Monitor your trees carefully in late summer or early fall, watching for the round green nuts to turn yellowish. If the hulls can be dented with your thumb, the nuts are ripe. As the nuts turn yellow, hit them with a long pole until they fall to the ground. Use a ladder to reach nuts high in the tree, or pull them off the tree with a gloved hand if they can be reached. Wear gloves when collecting black walnuts. Place the walnuts in a plastic bag or a sack as you collect them.
Remove the yellowish husks within a day or two after picking as the oils in the husk can discolor and change the taste of the nut meat. Cover a work surface with newspapers or cardboard. Crush the yellow husks that cover the black walnut between your thumb and fingers to break it and rub it off of the nut. Wear gloves when doing this as the oils that are in the husks can stain your hands and work surfaces badly. Discard the husks immediately.

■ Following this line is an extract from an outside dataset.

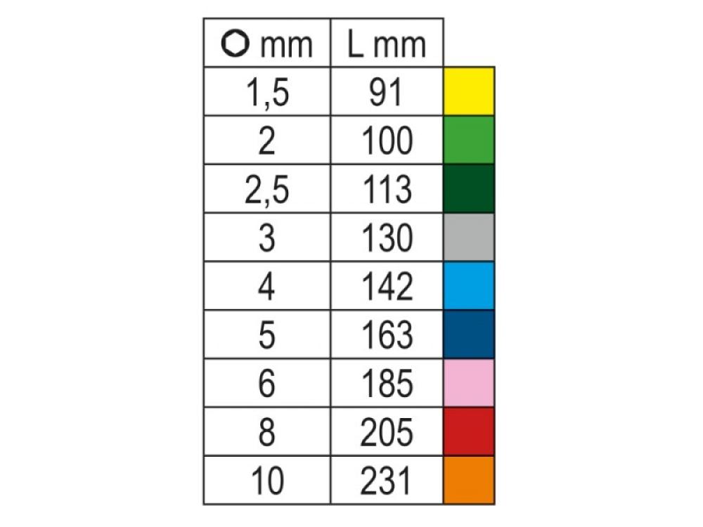 La couleur des clés permet d'identifier immédiatement la taille de la clé Allen.

Crack hulls that have dried and are black by tapping them with a hammer until they shatter and can be peeled off. Nuts with black hulls are usually found on the ground, having dropped off the tree earlier. Wear safety glasses when tapping dried hulls.
Place the hulled nuts in a secured area where they are safe from squirrels, rats, mice and other rodents, and let the nuts dry for 14 days.
Store your hulled and dried black walnuts either in the shell or shelled. If storing in the shell find a cool, dry place that is free of rodents. If storing the shelled nut meat, place the meats in a plastic baggie, seal and keep in the refrigerator. Nuts and nut meats will sore for at least one year.